# Canadian Hitchhiking Laws



## Rover

Hey, here is a link to the hitchhiking section of "fight your tickets".ca. it looks like the page hasn't been updated since Jan 2010, but the site is still active, and the hitchhiking page has links to the applicable government websites, and they're about as current as you would need.

http://fightyourtickets.ca/hitchhiking/


----------



## kerouac

damn, i never realized it's so illegal in canada! i've hitched a bunch in almost every province an never caught a fine. got stopped by the cops walking along the trans-canada in new brunswick once and i straight up told the cop i was headed to an on-ramp to hitch and he let me carry on, but not before running my name for warrants. 
i'm planning a trip to newfoundland but seeing that the minimum penalty is a day in jail is freaking me out! 
i'd be curious to hear if any fellow canadians have ever been fined or worse for hitchhiking here...


----------



## CosmicBrothaCam

And you know what they say about Canadian jail....


----------



## Kal

Interesting


----------



## Vickah

kerouac said:


> damn, i never realized it's so illegal in canada! i've hitched a bunch in almost every province an never caught a fine. got stopped by the cops walking along the trans-canada in new brunswick once and i straight up told the cop i was headed to an on-ramp to hitch and he let me carry on, but not before running my name for warrants.
> i'm planning a trip to newfoundland but seeing that the minimum penalty is a day in jail is freaking me out!
> i'd be curious to hear if any fellow canadians have ever been fined or worse for hitchhiking here...



I live in Newfoundland, the cops don't do a thing to travellers.


----------



## c4s3

I've been hassled outside of Surrey for walking down the highway, he just drove me to the skytrain station. Most of the times I've been hassled it was the fucking OPP, Ontario has anti-hitchhiking laws, so if the cop is a dick he can ticket you, etc. On the other hand I was hitchin outside of Wawa this summer and a cop pulled over to see if I was hungry, ended up giving me some trailmix and gave me some fresh water. 

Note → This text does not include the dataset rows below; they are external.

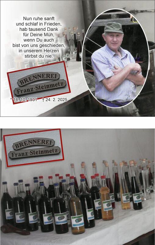 Traueranzeige mit einem Foto von Franz Steinmetz, Geburts- und Sterbedaten sowie Details zur Trauerfeier.
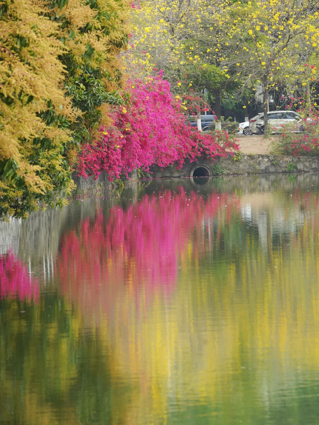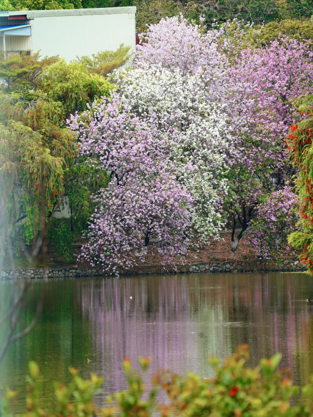 华农的花其实围绕在行政楼,真的足够我看一个下午了,而且潘阳湖那边还有很多花与湖融合的美景,每一处看起来都很适合打卡拍照哦。
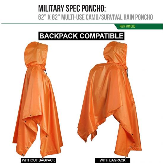 Пончо имеет ширину около 59 дюймов и общую длину 86 дюймов, что достаточно для размещения более крупных рюкзаков.
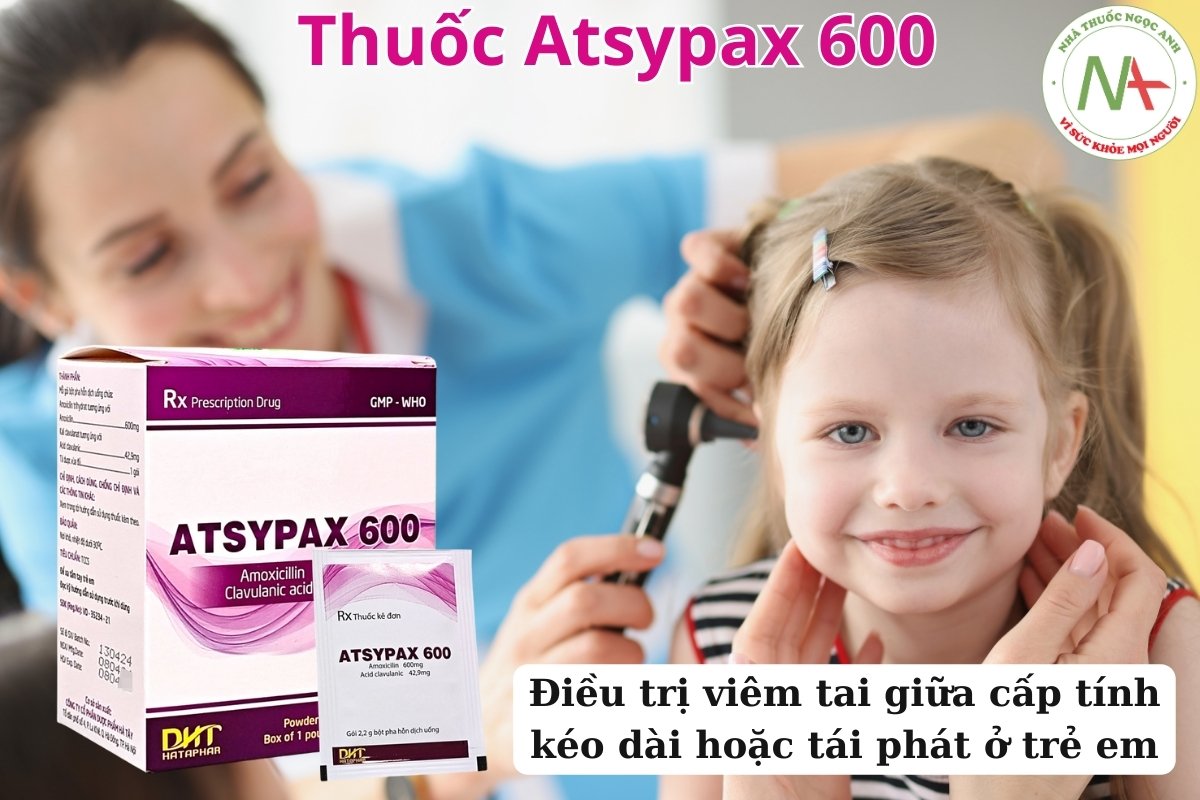 Thuốc Atsypax 600 được sử dụng để điều trị viêm tai giữa cấp tính kéo dài hoặc tái phát ở trẻ em. Thuốc đặc biệt hiệu quả trong điều trị các trường hợp viêm tai giữa do vi khuẩn Streptococcus pneumoniae, đặc biệt là với chỉ số MIC penicilin ≤ 2mcg/ml.

All depends I guess, if I'm having a hard time I tend to talk a lot of shit to the cops, being all sarcastic and stuff so that adds to the tickets I'm sure. Also, the coquihalla in BC has no hitchiking signs every ten fucking minutes, but you can still get picked up easily. I think it starts after kamloops or around there.


----------



## Chetwynd Surprise

Haha Wawa is a hitchin' trap, it takes a while to get rides between the soo and Thunder Bay. I've been hitchin close to 15 years in Canada and seems have been smooth. the only things I got stopped for was not hitchin ona turn pike and another time for not having ID and 150$ (Ontario law). If your hitchin across Canada I wouldn't be worried, it's coming back strong, and pigs are cool if you don't fuck with them


----------



## HitchTube

I've hitchhiked across Canada and the Police never gave me trouble in Any province
https://www.youtube.com/playlist?list=PLKvXdnK3gVW3Ur-knQQvKCSNOaBZ4nbgp


----------



## WanderLost Radical

I don't now much about the rest of canada, but in Quebec, hitchhiking is fine unless you're on the highway. Then the cops WILL fuck with you. They might just tell you to fuck of if they're feeling nice, or fine you.


----------



## c4s3

I think its a 60 dollar ticket for hitching if the cops at dick, at least that was what it was outside Sudbury.


----------



## Matt Derrick

added the 'resources' prefix to this thread since other users might find this info useful.


----------



## wizehop

Never been fined for hitching, but have had run ins with the cops a lot over the years. Mostly just for hitching in the city, or on major highways. But sometimes its your only choice, so you leave and come back later and hope you get a ride before they come back around.

That being said I'm sure a lot of the laws are there just encase they feel the need to go after you, but I've never heard of any of my friends ever getting more than a "you cant hitch on the highway"


----------



## fallingseastar

As long as you don't hitch on the highway I feel like it is fine. Usually that's when it's illegal. I have been harassed by cops, but it was just a smack on the wrist kind of thing. I have seen many hitch under hitchhiking is illegal signs on Vancouver Island.


----------



## c4s3

I'm on vancouver island right now in nanaimo, lots of them around. they will go all the way down the main highways for a bit cause of that serial killer in the 90's, they stop round kamloops.


----------